Jejak Ketekunan yang Bersemi Menjadi Warung Manik Gianyar

Suasana hangat keluarga dan kehidupan pesisir Sanur menjadi ruang awal yang membentuk perjalanan Gusti Anom Mayun Perean. Nilai disiplin, ketepatan waktu, dan kebiasaan menjaga kebersihan telah ia rasakan sejak kecil karena latar belakang orang tua yang bekerja di dunia perhotelan. Pola didik tersebut tidak hadir dalam bentuk tuntutan keras, melainkan melalui kebiasaan sehari hari yang perlahan menanamkan rasa tanggung jawab dalam dirinya. Kedekatan dengan keluarga, terutama sosok ajik yang begitu berpengaruh, menjadikan masa kecilnya penuh kenangan menyenangkan sekaligus sarat nilai kehidupan yang kemudian menjadi bekal penting dalam perjalanan masa depannya.

Anom lahir di Sanur Intaran pada tahun 1986 sebagai anak bungsu dari tiga bersaudara. Ia tumbuh dalam lingkungan sederhana yang dekat dengan ritme kerja dan kedisiplinan. Sejak SMP, ia mulai belajar mandiri dengan bekal bulanan yang diberikan oleh orang tuanya. Ia bersekolah menggunakan sepeda dan menikmati masa muda dengan aktivitas di pantai seperti bermain, berselancar, dan menaiki kano. Kedekatan dengan alam serta kebiasaan hidup sederhana membentuk karakter yang tangguh, santai, dan mampu beradaptasi dengan berbagai situasi.

Memasuki masa SMA di Panjer, arah hidupnya mulai mengarah pada dunia pariwisata. Lingkungan pergaulan dengan teman teman dari kawasan Kuta, Jimbaran, dan Nusa Dua yang memiliki semangat tinggi di bidang hospitality memberikan motivasi kuat untuk mengikuti jalur yang sama. Dorongan tersebut semakin diperkuat oleh latar belakang keluarga yang telah lebih dulu berkecimpung di industri hotel. Setelah lulus SMA, Anom melanjutkan pendidikan di GSP Diah Wisata dengan mengambil jurusan perhotelan sebagai langkah awal untuk menekuni bidang yang telah dikenalnya sejak kecil.

Kesempatan training di Singapura selama kurang lebih enam bulan sebagai waiter dan bagian kitchen menjadi pengalaman berharga yang memperluas wawasannya.

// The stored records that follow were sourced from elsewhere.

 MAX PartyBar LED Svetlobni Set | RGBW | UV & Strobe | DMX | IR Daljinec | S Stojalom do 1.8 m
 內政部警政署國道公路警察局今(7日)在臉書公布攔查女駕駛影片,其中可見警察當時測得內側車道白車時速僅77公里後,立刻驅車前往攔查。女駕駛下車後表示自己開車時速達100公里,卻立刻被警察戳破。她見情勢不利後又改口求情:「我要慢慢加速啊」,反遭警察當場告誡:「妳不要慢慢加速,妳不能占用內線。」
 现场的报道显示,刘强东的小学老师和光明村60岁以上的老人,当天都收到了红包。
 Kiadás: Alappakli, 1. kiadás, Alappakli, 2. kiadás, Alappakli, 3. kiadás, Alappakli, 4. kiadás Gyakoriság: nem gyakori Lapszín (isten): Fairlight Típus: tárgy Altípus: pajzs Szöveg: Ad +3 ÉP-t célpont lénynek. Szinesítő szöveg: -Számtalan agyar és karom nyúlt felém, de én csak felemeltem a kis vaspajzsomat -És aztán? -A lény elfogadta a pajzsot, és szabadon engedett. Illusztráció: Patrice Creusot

Ia belajar mengenai standar pelayanan internasional, kedisiplinan kerja, serta pentingnya menjaga kualitas dalam setiap detail pekerjaan. Setelah menyelesaikan training, ia kembali ke Bali dan mulai mencari pekerjaan sambil menunggu keberangkatan ke kapal pesiar pada tahun 2006. Di kapal pesiar, ia memulai karier sebagai room service dan kemudian berkembang menjadi waiter hingga tahun 2012. Pengalaman bekerja di lingkungan internasional tersebut membentuk mental kerja yang kuat, sabar, dan profesional.

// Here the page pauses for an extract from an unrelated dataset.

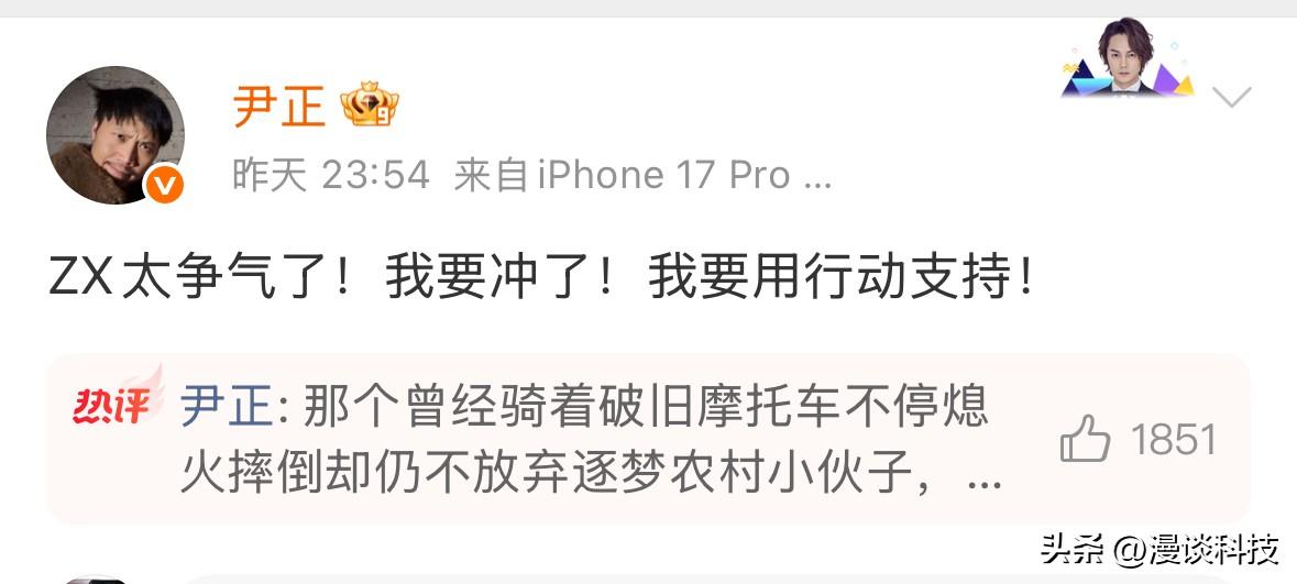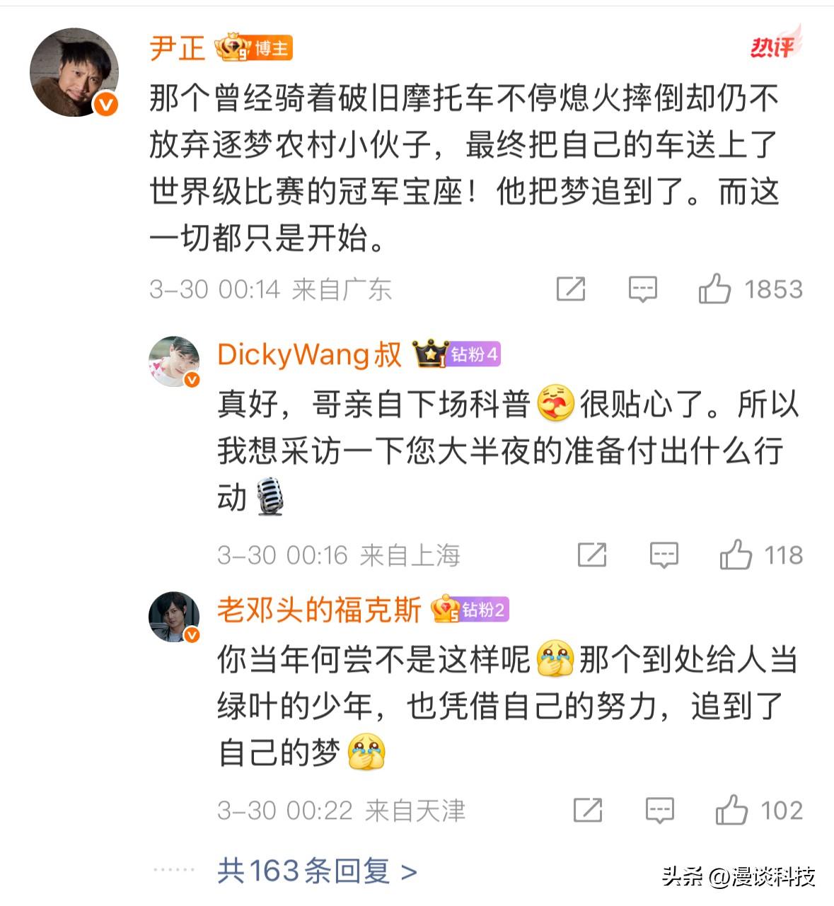 张雪回应尹正公开发文支持并购买820机车:按照正常剧本下来,我们应该邀请您做张雪机车的代言人,但是我又没钱,那我们就把这台张雪820送给你。您骑一段时间,就发个使用感受,觉得哪里不好就说,觉得哪里好也说,就相当于一个骑行分享。 张雪表示,尹正是演艺圈里面少数自己真正骑车而且真实参加过比赛的艺人。 今天刚看了张雪的经历,说的这个人真的很了不起,有梦想,有情怀,关键是有矢志不渝的努力,终于获得了巨大成功。正如尹正所言,“那个曾经骑着破旧摩托车不停熄火摔倒却仍不放弃逐梦农村小伙子,最终把自己的车送上了世界级比赛的冠军宝座!他把梦追到了。而这一切都只是开始。” 此前,张雪机车在2026年3月28日至29日的世界超级摩托车锦标赛(WSBK)葡萄牙站中,以自研赛车820RR-RS两度夺冠,打破欧美日品牌数十年垄断,成为中国摩托车工业里程碑事件,而其创始人张雪从湖南山村修车学徒到世界冠军缔造者的逆袭故事,更成为全民热议的励志焦点。

Setelah memutuskan berhenti dari kapal pesiar, Anom kembali ke Bali dan melanjutkan karier di sebuah beach club dengan posisi team leader hingga supervisor selama kurang lebih empat tahun. Perjalanan ini memperkaya pengalamannya dalam manajemen tim dan operasional layanan. Pada tahun 2017, ia bekerja di perhotelan di kawasan Sanur sebagai assistant restaurant manager hingga posisi guest service manager. Kariernya berjalan stabil hingga tahun 2019 ketika pandemi memberikan dampak besar bagi industri pariwisata dan mengubah banyak rencana yang telah disusun sebelumnya.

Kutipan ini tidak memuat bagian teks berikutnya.